Antony Tinker, Sales and Marketing Director for Kent-based change consultancy Innovative Edge, knows a bit about how to ensure that projects are linked to programmes and upwards to business strategy. After all, it's what his company does.

'As we are all about aligning people and strategy a big part of our exploration phase when we work with new clients is to understand their business strategy,' he says. 'If their strategy is clear and understood we will link everything we do to it, or parts of it. If it is ambiguous, not understood or not believed then we will propose a solution to address this.'

The exploration phase is where Antony and his team sit with the client and establish what project benefits they want to see. They spend a lot of time carrying out one-to-one interviews, exploring the commercial background and the company culture, asking about the rational and emotional issues and trying to get to the bottom of the benefits the company wants to realise. 'By identifying their pain points and having a discussion they can begin to articulate how life would be different (better!) without those pain points,' he explains.

Once the benefits have been established, they can be delivered through a project, or series of projects. However, each project still needs to link to a programme of work and the overall corporate strategy. 'When we present our proposal back to the client we cover off the features and the benefits of carrying out our proposed project plan. As we design every intervention bespoke for each client this is relatively easy to convey, and very authentic,' he says. 'Authenticity is vital. If you say it's about them then make sure it is. They'll see through fake words and actions very quickly.'

He is also prepared for things to change, as they often do on projects. 'You should be open minded – as should the client – to evolve your plans as you work through the project, as long as you remain dedicated to genuinely helping them achieve their objectives and goals,' he says. 'Inherently therefore everything is linked, no matter what changes, and we can demonstrate this.'

Antony believes that linking benefits, projects, programmes and corporate strategy results in better alignment between individuals and the company goals, happier teams and a positive impact on financial results.

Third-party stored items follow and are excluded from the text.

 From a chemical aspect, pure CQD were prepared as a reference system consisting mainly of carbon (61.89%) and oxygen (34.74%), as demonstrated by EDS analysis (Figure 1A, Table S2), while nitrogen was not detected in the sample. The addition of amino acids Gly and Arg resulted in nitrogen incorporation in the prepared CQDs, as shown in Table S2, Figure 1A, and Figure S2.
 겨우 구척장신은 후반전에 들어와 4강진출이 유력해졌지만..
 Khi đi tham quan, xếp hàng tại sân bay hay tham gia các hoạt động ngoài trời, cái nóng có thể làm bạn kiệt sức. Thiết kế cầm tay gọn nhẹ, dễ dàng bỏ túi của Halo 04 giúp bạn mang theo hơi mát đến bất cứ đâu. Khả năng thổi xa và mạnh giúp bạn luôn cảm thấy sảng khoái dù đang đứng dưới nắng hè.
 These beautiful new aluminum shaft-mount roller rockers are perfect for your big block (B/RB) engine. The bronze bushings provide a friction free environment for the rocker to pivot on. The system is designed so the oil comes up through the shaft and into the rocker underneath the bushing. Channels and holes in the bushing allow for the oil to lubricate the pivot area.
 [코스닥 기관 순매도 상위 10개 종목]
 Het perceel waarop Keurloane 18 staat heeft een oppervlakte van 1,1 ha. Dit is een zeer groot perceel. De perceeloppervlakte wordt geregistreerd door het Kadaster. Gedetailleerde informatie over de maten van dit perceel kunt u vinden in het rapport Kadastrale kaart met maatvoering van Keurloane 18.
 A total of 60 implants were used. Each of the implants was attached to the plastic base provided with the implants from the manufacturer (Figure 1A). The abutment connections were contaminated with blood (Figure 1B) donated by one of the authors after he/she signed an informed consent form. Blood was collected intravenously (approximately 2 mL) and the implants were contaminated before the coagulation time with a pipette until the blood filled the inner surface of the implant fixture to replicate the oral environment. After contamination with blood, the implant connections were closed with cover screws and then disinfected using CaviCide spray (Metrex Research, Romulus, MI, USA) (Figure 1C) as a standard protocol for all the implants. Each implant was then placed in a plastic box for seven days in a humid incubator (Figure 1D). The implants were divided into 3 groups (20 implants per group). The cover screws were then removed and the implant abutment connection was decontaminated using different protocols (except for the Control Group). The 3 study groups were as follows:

'If you don't know how your project links to business strategy, ask more in breadth and depth questions,' he recommends. 'Make it your client's agenda and not your own. When you ask a question listen to the answer rather than thinking of your next question.'

The OGC P3O standard defines a portfolio like this: 'the totality of an organisation's investment (or segment thereof) in the changes required to achieve its strategic objectives'.

The OGC P3O standard defines a programme like this: 'a temporary, flexible organisation created to coordinate, direct and oversee the implementation of a set of related projects and activities in order to deliver outcomes and benefits related to the organisation's strategic benefits'.

Have you ever asked yourself why you are working on something? If not, then now is the time to start asking. Often project managers are told what projects to work on with very little background or context. As a result, it can be hard to energise a team towards a common objective when you can't see how your work contributes to the bigger picture.

Ideally, business strategy should be manifested in the form of portfolios, which are delivered via programmes and projects. Therefore it should be a straightforward exercise to map your project through a programme and portfolio and back to strategy, as you can see in Figure 2.1.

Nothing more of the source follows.